We next performed Spearman correlation analyses to identify any correlation of urine miRNA levels with clinical and biochemical parameters (Supplementary Table S2). Since any published work available to date on urinary miRNA has been performed in the setting of renal pathology, we analyzed any potential correlation of miR-224 and miR-103 levels with indices of renal disease. The median eGFR was >60 mL/min/1.73 m2 in all groups signifying the absence of overt renal disease. Likewise, the median ACR values in all patients studied did not reveal microalbuminuria or overt albuminuria. The miR-224 and miR-103 levels in HNF1A-MODY mutation carriers, T1DM or T2DM did not correlate with the renal indices; ACR or eGFR (Figure 4). In addition, there was no correlation detected between miR-224 and miR-103 and urinary osmolality (miR-224; ρ = 0.04, p = 0.6 and miR-103; ρ = −0.002, p = 0.9). Serum and urine miRNA analysis performed in matched cohort samples, using identical miRNA quantification methods revealed a significant correlation between serum and urine miRNA levels (miR-224: ρ = 0.55, p ≤ 0.01 and miR-103: ρ = 0.38, p = 0.01). Figure 5 demonstrates the statistically significant association between serum and urine for miR-224 in a cohort of HNF1A-MODY mutation carriers and normal controls.
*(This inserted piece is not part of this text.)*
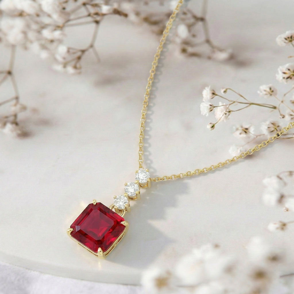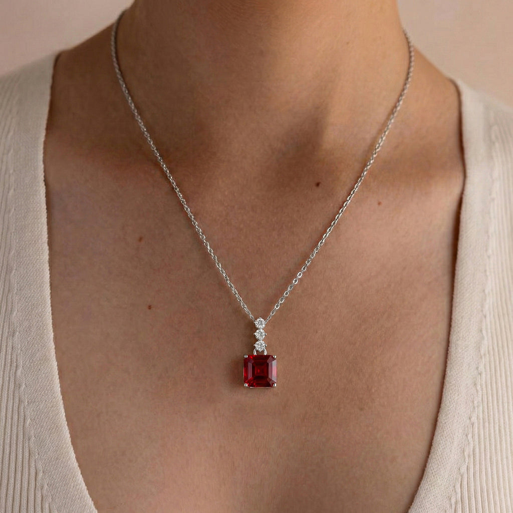 Ruby Octagon Solitaire Pendant Necklace in 925 Sterling Silver 8 MM 2ct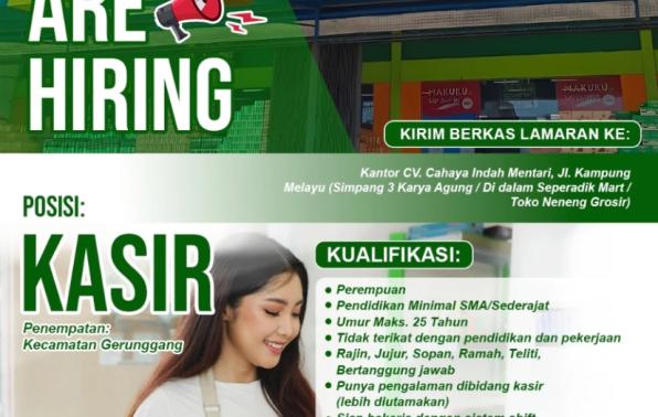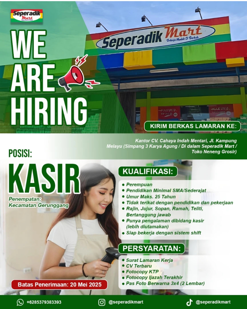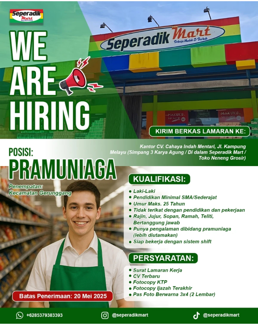 SEPERADIK MART membuka kesempatan kerja untuk posisi:

Figure 4. Correlation of miR-224 and miR-103 with renal indices; eGFR/ACR. Linear regression analysis indicates no statistically significant association of miR-224/-103 with GFR/ACR in the HNF1A-MODY mutation carrier, T1DM, T2DM and normal control groups; n.s. not significant.
Figure 4. Correlation of miR-224 and miR-103 with renal indices; eGFR/ACR. Linear regression analysis indicates no statistically significant association of miR-224/-103 with GFR/ACR in the HNF1A-MODY mutation carrier, T1DM, T2DM and normal control groups; n.s. not significant.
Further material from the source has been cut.